Casey Stands With Its NPU-V Neighbors on Housing in Atlanta
With Casey Foundation funding, the Atlanta Volunteer Lawyers Foundation (AVLF) is expanding its Standing With Our Neighbors initiative to ensure more NPU‑V residents have access to rental housing that is affordable, safe and stable.
Too many low-income families struggle to secure housing that meets their needs and end up paying a significant portion of their monthly income on rent. The Harvard Joint Center for Housing Studies found that in 2014, a record 21.3 million renters spent more than 30% of their income on housing costs.
Housing insecurity is particularly magnified in Atlanta, where more than half of residents are renters. After the Great Recession, large investment firms and private equity companies bought foreclosed homes across the region and turned them into rental properties. Now, these landlords are evicting renters at rates that are sometimes twice as much as smaller owners, especially in predominately African-American neighborhoods such as East Point, where half of the households in the 30344 ZIP code had eviction notices filed against them.

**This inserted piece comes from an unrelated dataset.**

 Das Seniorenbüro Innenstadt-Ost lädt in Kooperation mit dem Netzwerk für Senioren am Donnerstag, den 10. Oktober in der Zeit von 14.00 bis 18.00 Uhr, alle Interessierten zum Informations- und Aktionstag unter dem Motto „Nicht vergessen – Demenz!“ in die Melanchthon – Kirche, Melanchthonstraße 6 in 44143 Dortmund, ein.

Recognizing the negative effects this can have on schools and communities, AVLF launched Standing with Our Neighbors in September 2016 to provide families in Thomasville Heights with free legal counsel and other supports to help them navigate difficult landlord-tenant issues including forced evictions, mold and utility shutoffs.
Learn more about Standing with Our Neighbors
In the first 100 days, AVLF and its volunteer attorneys have provided more than 40 families with a variety of housing supports. It has stopped 14 evictions, provided free legal representation to more than 20 families needing critical repairs to their units and helped five families avoid a service shutoff by paying past-due utility bills.

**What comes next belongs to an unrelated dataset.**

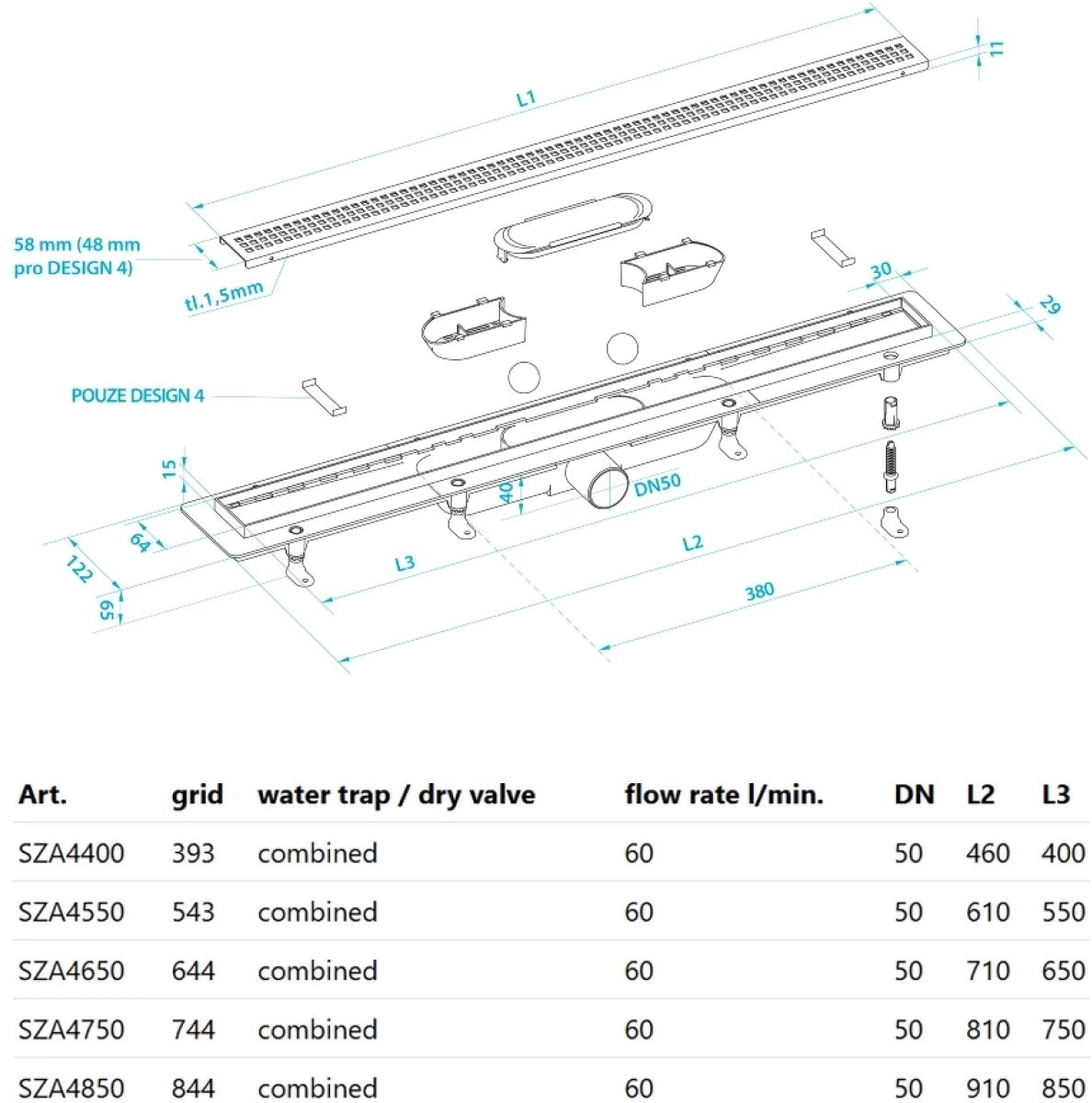Душевой лоток PlastBrno Design 4 SZH4550 хром, Материал: Нержавеющая сталь, цвет: Хром, монтаж: В пол

AVLF is set to expand into several other communities across southwest Atlanta in 2017, continuing its work to improve resident health, reduce school enrollment turnover and enhance student attendance and performance. AVLF has already secured agreements to operate in three local schools — Dunbar Elementary, the Kindezi School at Gideons and D.H. Stanton Elementary — and has engaged several residents to participate in an advisory committee, including mothers with children in these schools who rent homes in Peoplestown, Mechanicsville and Pittsburgh.